# How do you attach a polystyrene background



## HelenH6HEA (Jan 10, 2007)

Hi, I have BD & wanted to attach a polystyrene background to the back of his Viv, so he can climb on it. I have a 3ft wooden Viv, how do I attach background without using nails. Had the idea from the below, thanks

Accessories for Bearded Dragon Vivarium


----------



## Meko (Apr 29, 2007)

You can use silicone, or just stand it against the back. If it has sides as well, it'll stand up easier


----------



## saucycamel (Mar 29, 2012)

Hi, we used "NO NAILS" on ours. just make sure you wipe off any excess if it squeezes out of edges. 

Take a look at ours. http://s828.photobucket.com/albums/zz210/saucycamel/vivarium/


----------



## HelenH6HEA (Jan 10, 2007)

saucycamel said:


> Hi, we used "NO NAILS" on ours. just make sure you wipe off any excess if it squeezes out of edges.
> 
> Take a look at ours. Login to a private Photobucket.com album


 
Oh great thank you, do I have to leave the BD out for a while, while it sets ? Thank you for the link but I need a password to view your photobucket, would luv to see pics though


----------



## HelenH6HEA (Jan 10, 2007)

Meko said:


> You can use silicone, or just stand it against the back. If it has sides as well, it'll stand up easier


can you suggest a brand of silicone ? I am using an unused exo terra background so its a bit smaller than my viv, so will not stand alone


----------



## Meko (Apr 29, 2007)

Aquarium silicone is the best option, although you'd need to leave the beardie out till any fumes have gone.

If it's just an exo terra, you can use double sided tape, velcro, or even chewing gum... pretty much anything sticky as they're lightweight.


----------



## saucycamel (Mar 29, 2012)

sorry not sure how it works yet lol 

try this
vivarium pictures by saucycamel - Photobucket


----------



## AnnieM (Nov 4, 2011)

If it is a shop bought poly background, can I suggest that you think about coating it with a few layers of grout with sand mixed in and then maybe varnish it with a good quality yacht varnish before putting it in. We put one in our beardies viv and it was wrecked in days! Their claws just ripped through it and they used to lay scratching chunks out. I know every beardy is different so yours may not, but mine was a total waste of money.


----------



## HelenH6HEA (Jan 10, 2007)

saucycamel said:


> sorry not sure how it works yet lol
> 
> try this
> vivarium pictures by saucycamel - Photobucket


oh wow, thats awesome, how did you get it to look like that :notworthy:


----------



## HelenH6HEA (Jan 10, 2007)

Meko said:


> Aquarium silicone is the best option, although you'd need to leave the beardie out till any fumes have gone.
> 
> If it's just an exo terra, you can use double sided tape, velcro, or even chewing gum... pretty much anything sticky as they're lightweight.
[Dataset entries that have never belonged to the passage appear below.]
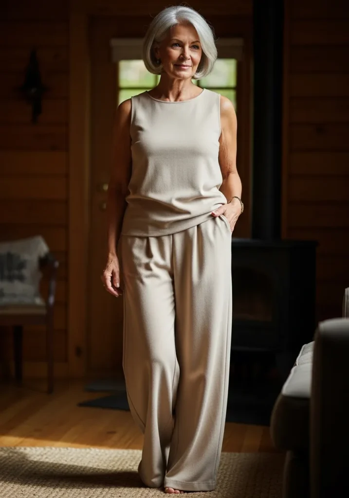 I enjoy outfits like this because they make me feel calm and comfortable. A matching set always looks more polished than it feels, and the soft flow of the pants gives so much ease. It is the kind of thing I reach for when I want comfort without losing style.
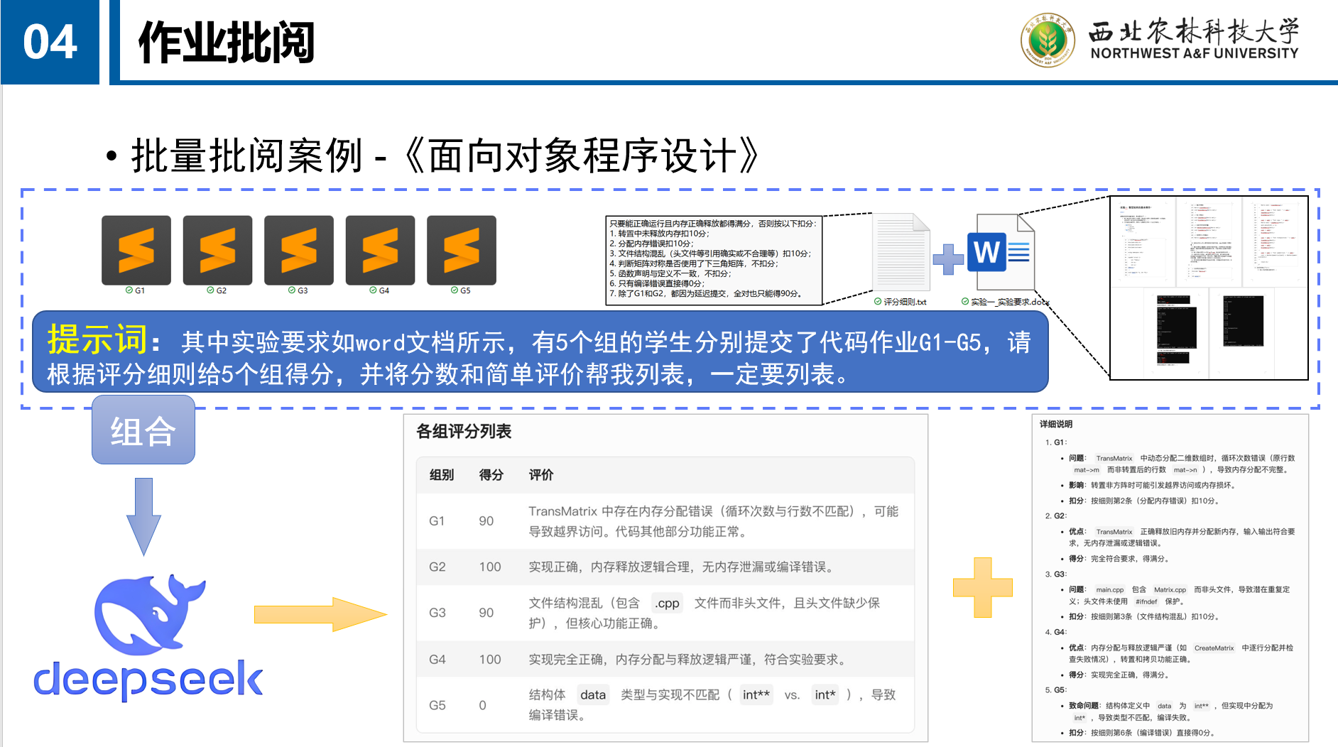 试卷的设计、评阅与分析是教学中的重要环节,依据试卷内容及成绩的分析可从教师角度评估本轮教学的效果,结合大模型分析可生成教师试卷分析报告。主观作业评阅,依托大模型的语义分析能力,设定评分标准实现自动批阅。
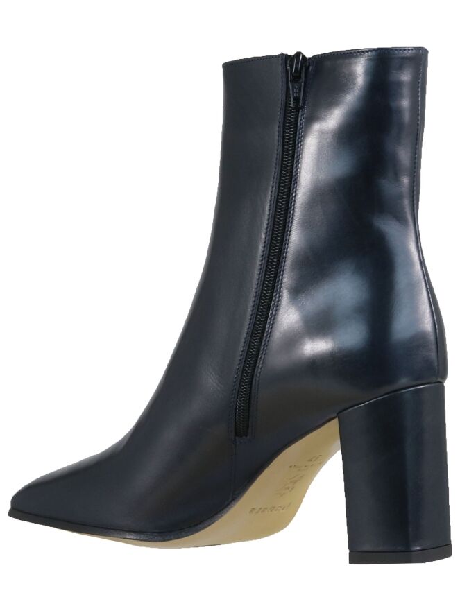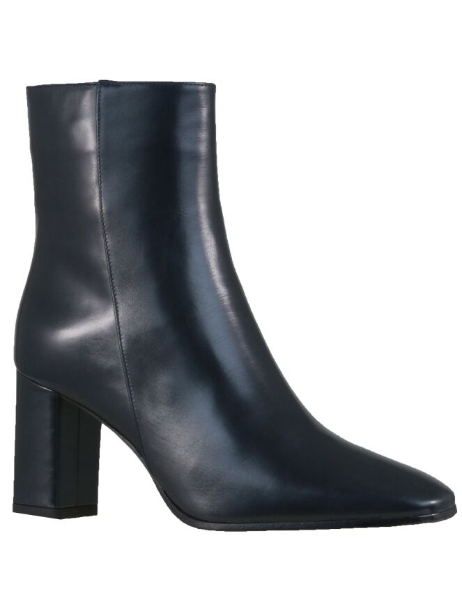 A short boot of the brand in Panara in navy blue nappa leather. The boot has a square toe and has a block heel. The height is 15 cm from the heel and the shaft circumference is 27 cm. The inside is lined with leather.

they are light weight but my BD is a big boy, on an exercise regime at mo :whistling2:


----------



## saucycamel (Mar 29, 2012)

HelenH6HEA said:


> oh wow, thats awesome, how did you get it to look like that :notworthy:


we made it from scratch. Take a look here lots of good info and videos
www.lizard-landscapes.com Then make your own design.


----------



## HelenH6HEA (Jan 10, 2007)

AnnieM said:


> If it is a shop bought poly background, can I suggest that you think about coating it with a few layers of grout with sand mixed in and then maybe varnish it with a good quality yacht varnish before putting it in. We put one in our beardies viv and it was wrecked in days! Their claws just ripped through it and they used to lay scratching chunks out. I know every beardy is different so yours may not, but mine was a total waste of money.


good point, thanks, I am in no way a DIY person, so can I take the above literally and buy the products and it will work ?


----------



## HelenH6HEA (Jan 10, 2007)

saucycamel said:


> we made it from scratch. Take a look here lots of good info and videos
> www.lizard-landscapes.com Then make your own design.


fact chance !!! I am the worse DIY person on the planet !!

love the vivs though, they look amazing


----------



## saucycamel (Mar 29, 2012)

HelenH6HEA said:


> fact chance !!! I am the worse DIY person on the planet !!
> 
> love the vivs though, they look amazing


 
LOL.... you dont have to be good at DIY to do it. Too start off it looks rather crap but as you cover it with grout it starts to take shape.Then finally adding the colour brings it to life. try looking on you tube there are lots of videos on there. Go on give it a go.


----------